A quick refresher on the major points of the preliminary settlement:

 

· The settlement would establish $2.78 billion in retroactive payments for former college- athletes going back to 2016. These payments will not come from the school’s directly, but as part of the settlement process.

· Collegiate athletic departments can opt into revenue sharing directly with past and present athletes beginning at over $20 million per school.

· The N.C.A.A. and power conferences will be allowed to form a “designated enforcement agency” focused on eliminating booster led NIL collectives “pay-for-play” payments.

 

International Athletes

 

As noted by Amanda Christovich in Front Office Sports, if college-athletes on student visas accept House v. N.C.A.A. payments, they could be in violation of U.S. immigration laws.

 

In 2018, there were about 25,000 student-athletes from outside of the United States, with that number likely having grown since . Most students on visas are considered “F class.” They can be paid for work, but there are restrictions. For example, the work must be limited to a certain number of hours, be somehow connected to their study, and income must be considered passive income.

 

The House settlement would have schools hand out payments to the entire athletic department, making it difficult for international athletes to avoid or reject them. These payments could then violate the worker regulations attached to student visas, risking the student-athletes visa entirely.

 

Schools involved may also become unintended victims to consequences caused by the settlement agreement.
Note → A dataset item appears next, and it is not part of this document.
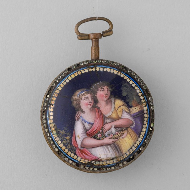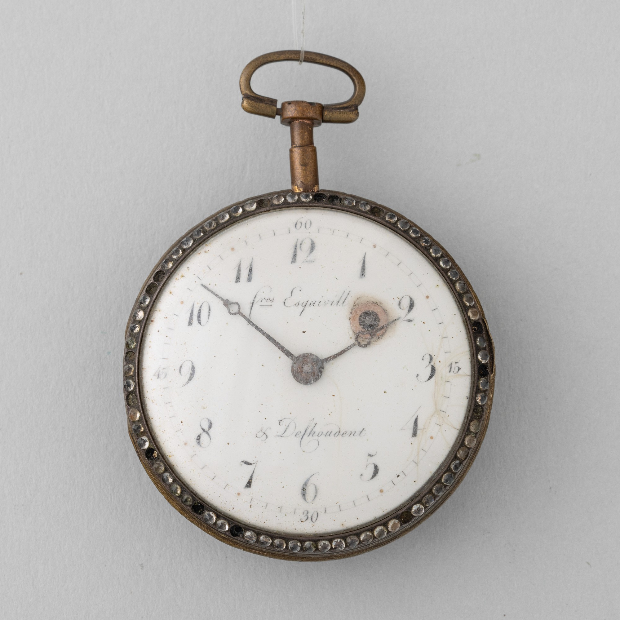 Orologio da tasca con cassa in ottone e smalto, scappamento a verga, Svizzera 1790 ca.
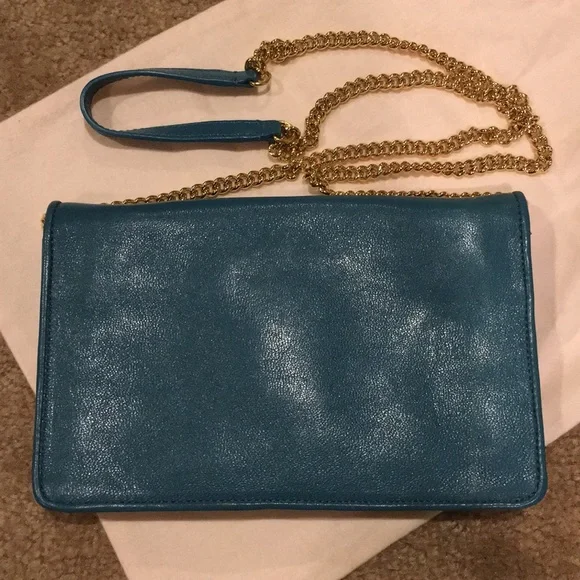 EUC Marc Jacobs leather chain crossbody. Teal blue leather with gold hardware. Removable chain cross body strap to use as a clutch. Perfect for wedding season and date nights! Excellent condition only used a couple of times. Paid $200+ from Nordstrom Rack.Comes with generic dust bag.Measures 8.5” W x 5.5” H and 21” strap drop.

It is illegal to pay workers who are unauthorized to work in the United States under U.S. Immigration and Customs laws. Any payment by a school to an international athlete could violate these laws and hypothetically create a confrontation between I.C.E. and the school.  

 

Possible Routes

 

While a clear-cut answer has yet to come to light, there are a few options for this sticky situation:

 

·   International student-athletes on visas could attempt to refuse payments.
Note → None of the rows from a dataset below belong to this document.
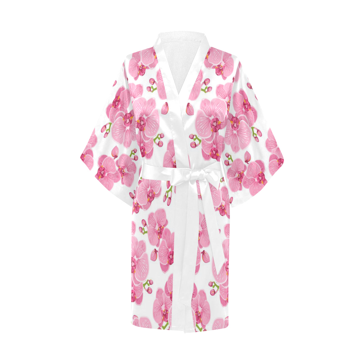 pink purple orchid pattern background Women's Short Kimono Robe is a uniqued design and limited item. It made to order, hand printed, and sewn with love in our factory.
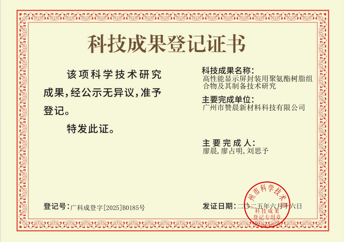 廣州市贊晨新材料科技有限公司高性能顯示屏封裝用聚氨酯樹脂組合物及其制備技術(shù)獲國(guó)內(nèi)領(lǐng)先鑒定?
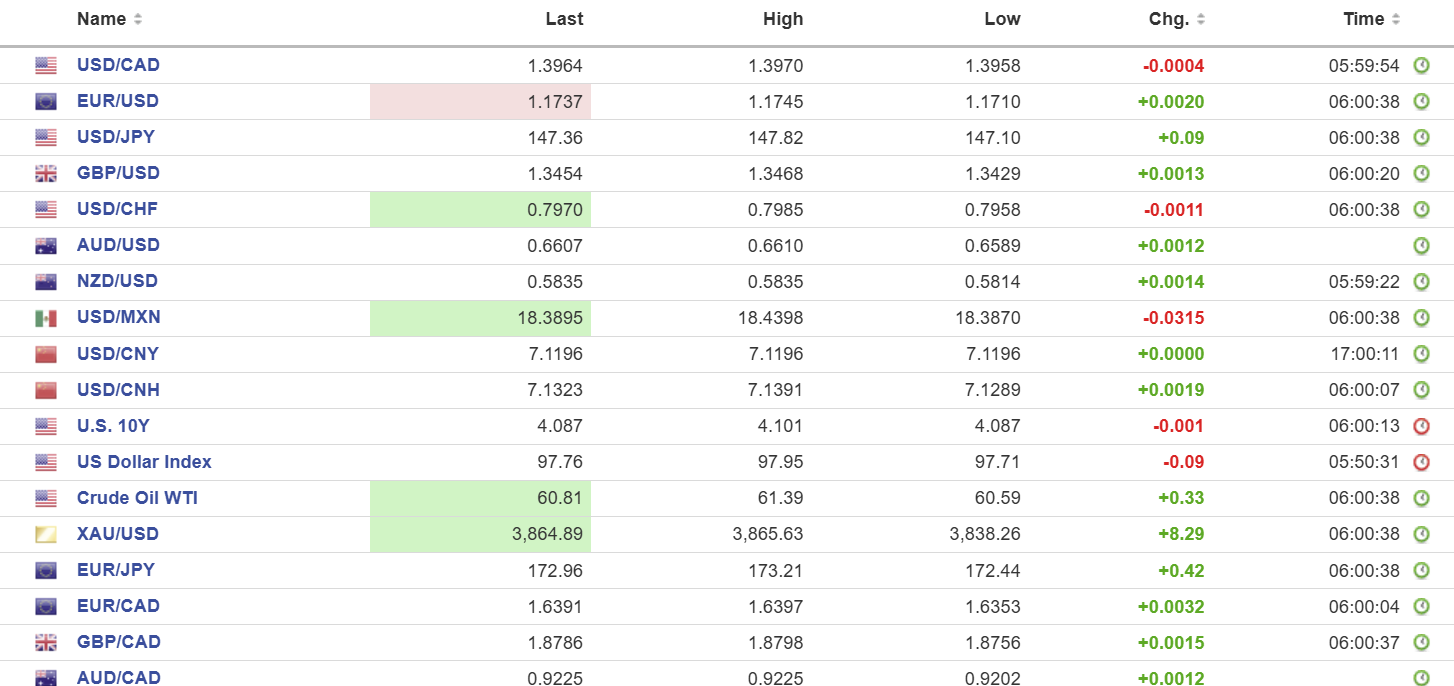 As of 5:50 am PDT, European equities are posting gains. The UK FTSE 100 index has risen by 0.53%, but the French CAC-40 index and German Dax have turned earlier gains into losses. The former is down 0.09%, and the latter has shed 0.24%. S&P 500 futures are up 0.08%, and the U.S. dollar index (DXY) is 97.81. Gold (XAUUSD) is 3870.61 while the U.S. 10-year Treasury yield is 4.09%.

· They can attempt work-arounds similar to former Kentucky Basketball player Oscar Tshiebwe, who participated in NIL payments while in the Bahamas and off U.S. soil.
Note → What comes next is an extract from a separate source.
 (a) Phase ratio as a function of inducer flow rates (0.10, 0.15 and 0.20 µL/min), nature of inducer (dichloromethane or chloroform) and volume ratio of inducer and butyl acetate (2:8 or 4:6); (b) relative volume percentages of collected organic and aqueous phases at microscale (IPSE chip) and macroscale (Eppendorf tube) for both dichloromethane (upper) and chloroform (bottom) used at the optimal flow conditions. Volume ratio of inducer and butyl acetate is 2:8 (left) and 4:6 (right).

·  They can try to attain a different type of visa, with less strict regulations around payments.

· The school can establish a trust that doles out payments at an amount more in accord with visa regulations.

 

Schools and international athletes will also likely be awaiting guidance from the Department of Homeland Security or Congress, who can release guidelines on payments relating to student visas or create a law addressing the issue, respectively. Of course, a final approved settlement can also address this issue.

 

Still, without intervention or guidance on the issue, the House settlement may ironically be setting up more legal challenges if international athletes begin losing their visa status because of these payments.

 

Michael Moore is a graduate of New York Law School and former member of the school’s Sports Law Society. When he’s not working at the New York Law Department he’s thinking about the intersection of sports and law and when the Knicks or Rangers will finally win a championship.